ANIMAL’s own Nate Cepis created Proust’s illustrations. Different images appear depending how your rankings compare to those of your friends; identical lists make you and your friend “twinsies,” which shows twin unicorns vomiting rainbows. Other images include the “bipolar bear,” “awesome sandwich,” and “opposite” wizards. Cepis recalls:

They came to me and said, ‘Hey, we’ve got this cool game. It’s called Proust. It’s like a ranking game, but we want something to happen once you’re done playing with your friends. There should be a little present for people playing. They said, ‘We don’t have any guidelines, but we want to make it really, really weird. Just think of anything you can do.’

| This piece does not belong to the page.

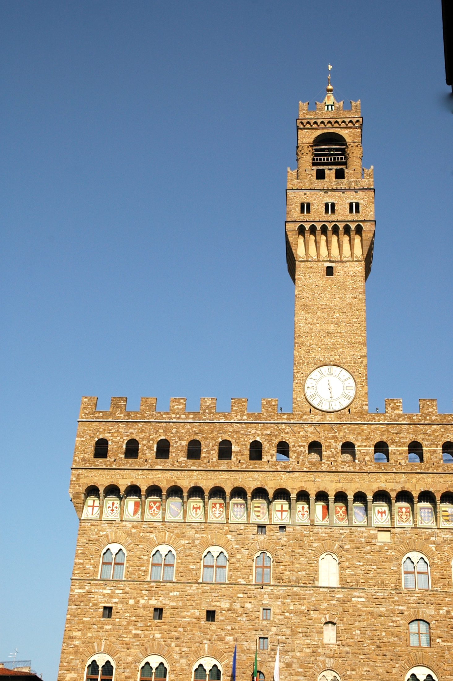 Ao lado da Loggia dei Lanzi fica o Palácio Vecchio, onde ainda funciona a prefeitura de Florença. O Palácio foi construído em 1322 e no alto da sua torre foi instalado um sino usado para convocar a cidade para reuniões. A Galeria Uffizi fica ao lado do Palácio Vecchio e é o maior museu de arte da Itália.

The comparison to fuck, marry, kill came from Cepis, who says he loves the simplicity of both games:

You play fuck, marry, kill, and it’s like, Audrey Hepburn, Marilyn Monroe, and Lucille Ball. And you’re like, ‘No! Lucille’s way hotter than Marilyn Monroe!’ It’s this weird little fight that really means nothing. And I just thought it was fun how simple it was.

Proust went through multiple iterations, including a website that essentially let users write abridged autobiographies by answering a series of questions, like the original parlor game questionnaire. There was also a version where players answered multiple choice questions, but Carson said that felt too much like a test:

That was kind of boring. We were hoping that the questions would be so interesting—and the answers would be so interesting and humorous—that you couldn’t help but answer them. But that still felt kind of hollow. It just really didn’t work. It felt like trivia.

 

But as fun as it is to rank, judge and make lists, the true genius of Proust is the social aspect. You’re not just judging the objects, people, potato chips, and ideas you rank; you’re judging your friends and acquaintances for their choices as well. Carson says:

We weren’t quite sure what [Proust] was until we started comparing. I would make a list and then I would ask somebody else, ‘How would you rank this?’ And I would find that a friend of mine who I thought would rank the same way I would, ranked exactly the opposite. And I thought, ‘Oh, that’s really interesting.’ Once we noted that, that’s when we felt it felt more like an interesting thing.

Proust is available now in Apple’s iOS App Store.